If you did everything correctly, you should now be able to visualize your cross validation map:
```
>> load spiral
>> [bestC,bestP,bestval,allerrs]=crossvalidate(xTr,yTr,'rbf',2.^[-1:8],2.^[-2:3]);
>> [xx,yy]=meshgrid(-2:3,-1:8);
>> surf(xx,yy,allerrs);
>> xlabel('\gamma'); ylabel('C'); zlabel('Val Error');
```
The result should look similar to this image: You can now also take the best parameters and train your SVM. The following code trains the SVM with crass validated parameters, computes the test error and visualizes its decision boundary.
```
>> svmclassify=trainsvm(xTr,yTr,bestC,'rbf',bestP);
>> testerr=sum(sign(svmclassify(xTe))~=yTe(:))/length(yTe)
testerr =  0.15289
>> visdecision(xTe,yTe,svmclassify,'vismargin',true);
```

Extra Credit

Implement the function autosvm.m.
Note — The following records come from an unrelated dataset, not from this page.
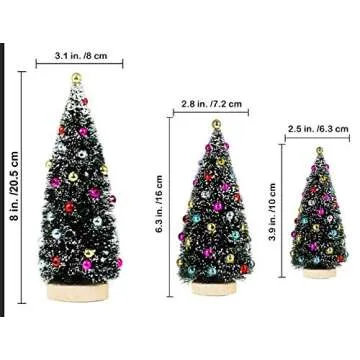 Winlyn 3 Pack Artificial Mini Tabletop Christmas Trees Tiny Frosted Bottle Brush Trees Decorated Small Sisal Trees with White Snow and Colorful Beads Winter Holiday Miniature Décor Assorted Sizes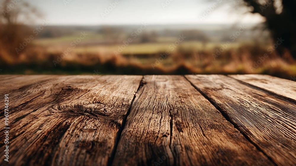 Empty wooden tabletop as the main subject showcasing natural grain and rustic character, softly blurred countryside-inspired background, warm diffused lighting enhancing organic tones, eye-level shot #1967746291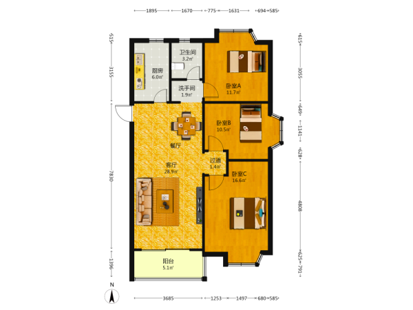 3室1厅1卫1厨1阳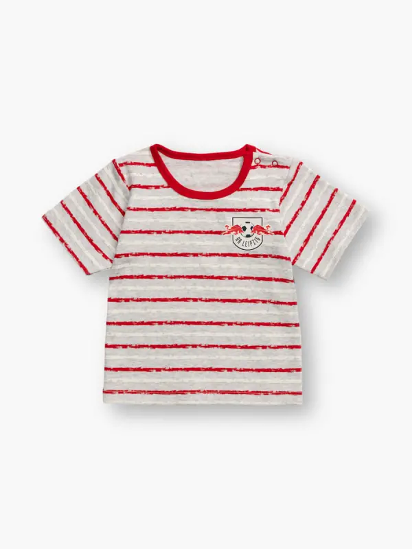 The perfect kit for your newest team member. Kick off their love for football in this comfortable cotton T-Shirt for babies, featuring sporty stripes in team colours and RB Leipzig's crest for extra pride. It also features popper fasteners on the shoulder to make changing outfits even easier.
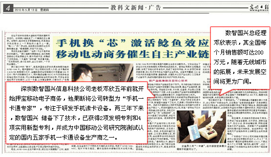5月13日,在光明日报第4版刊登《手机换"芯"激活鲶鱼效应移动电动商务催生自主产业链》的文章中,概括描述了我公司董事长邓欣的创业历程和对手机一卡通产业的信心。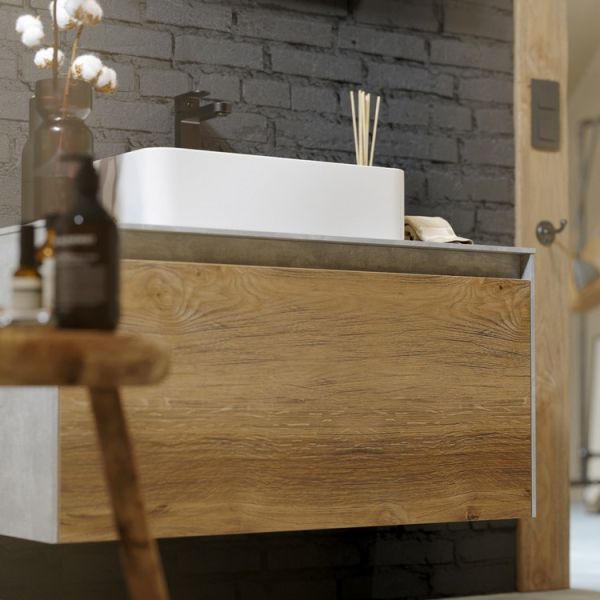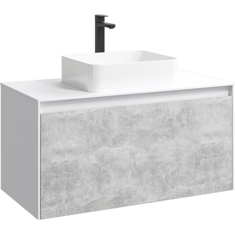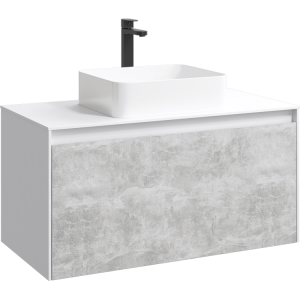 Подвесная тумба под раковину Aqwella Mobi MOB0110W+MOB0710BS 100 смПодвесная тумба 100 см с двумя ящиками: основной и внутренний, скрытый за фасадом. Цвет белый/бетон светлый; с умывальником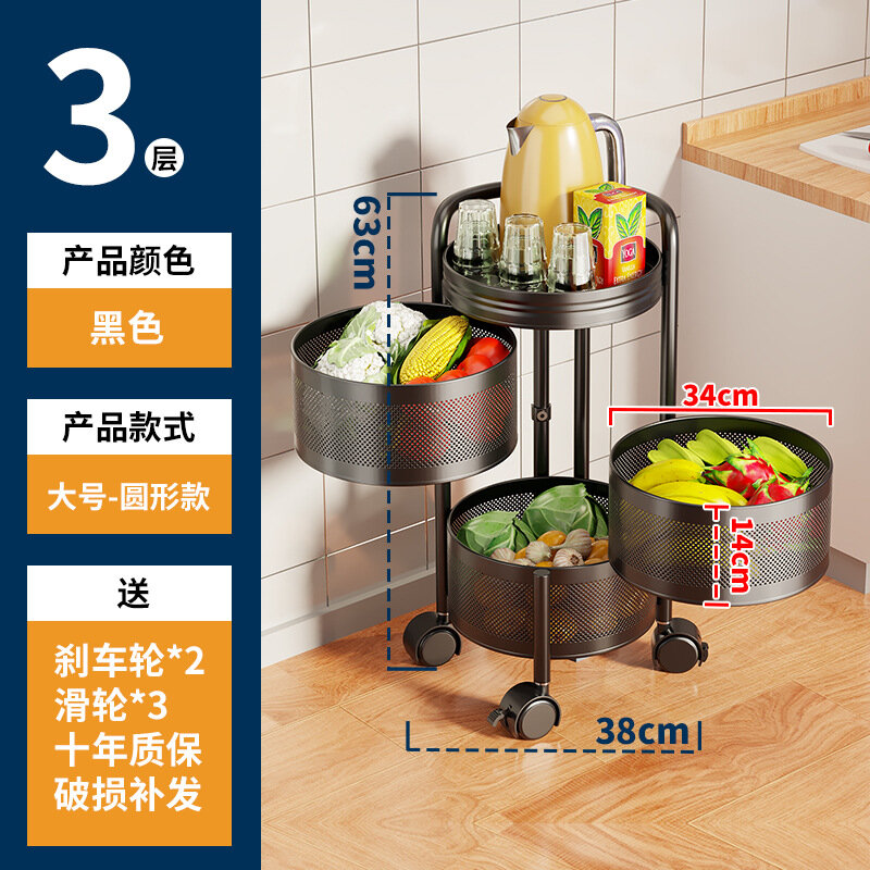 Купить Стеллаж для овощей Tiancheng, углеродистая сталь, круглый, съемный, 3 уровня, черный

Currently it takes a data set as input and tunes the hyper-parameters for the RBF kernel to perform best on a hold-out set (with your crossvalidation.m function). Can you improve it? (For example, you may look into adding new kernels to computeK.m, use telescopic cross validation, or use k-fold cross validation instead of a single validation set.)

Hints

It helps if you execute

>> more off

whenever you start or Octave console, to see the output of your functions on the screen right away.